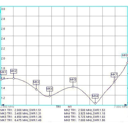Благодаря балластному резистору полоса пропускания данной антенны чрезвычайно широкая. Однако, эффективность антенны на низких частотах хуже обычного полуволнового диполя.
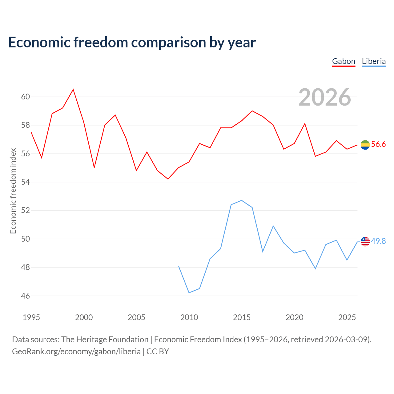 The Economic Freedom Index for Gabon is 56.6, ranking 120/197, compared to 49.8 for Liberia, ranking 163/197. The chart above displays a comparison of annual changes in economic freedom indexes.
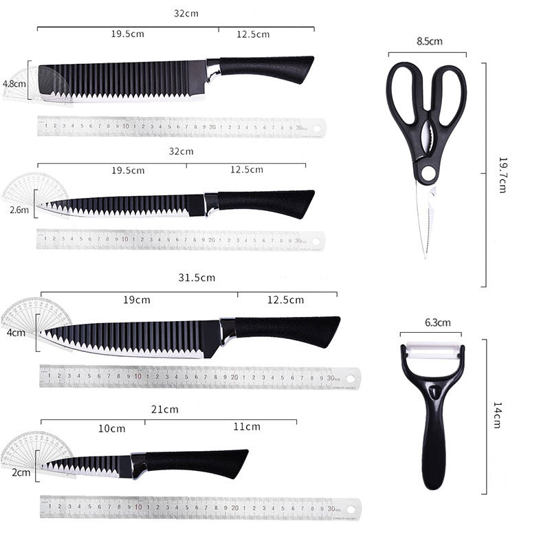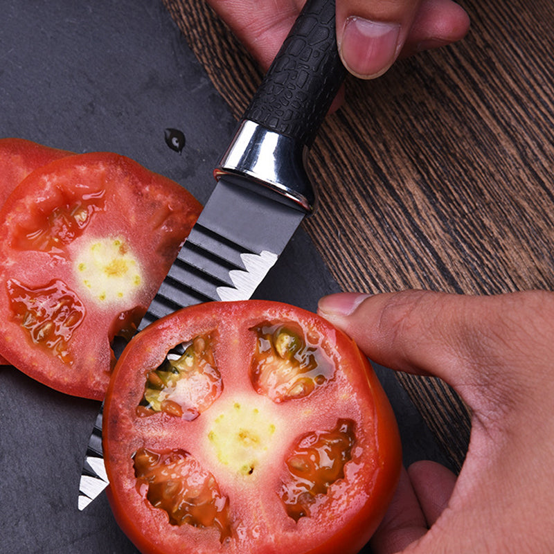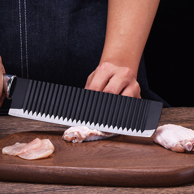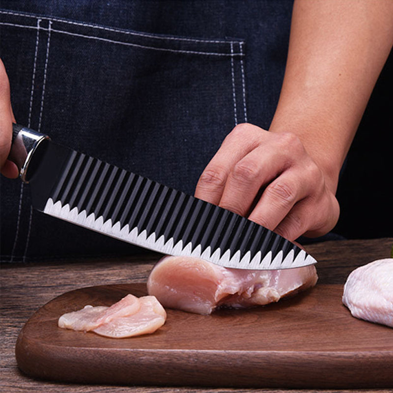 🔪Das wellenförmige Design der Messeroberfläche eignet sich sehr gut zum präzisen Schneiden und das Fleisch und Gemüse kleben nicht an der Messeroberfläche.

-- -- --

Print the listing word for word but skip its pictures.

Благодаря балластному резистору полоса пропускания данной антенны чрезвычайно широкая. Однако, эффективность антенны на низких частотах хуже обычного полуволнового диполя.
 The Economic Freedom Index for Gabon is 56.6, ranking 120/197, compared to 49.8 for Liberia, ranking 163/197. The chart above displays a comparison of annual changes in economic freedom indexes.
 🔪Das wellenförmige Design der Messeroberfläche eignet sich sehr gut zum präzisen Schneiden und das Fleisch und Gemüse kleben nicht an der Messeroberfläche.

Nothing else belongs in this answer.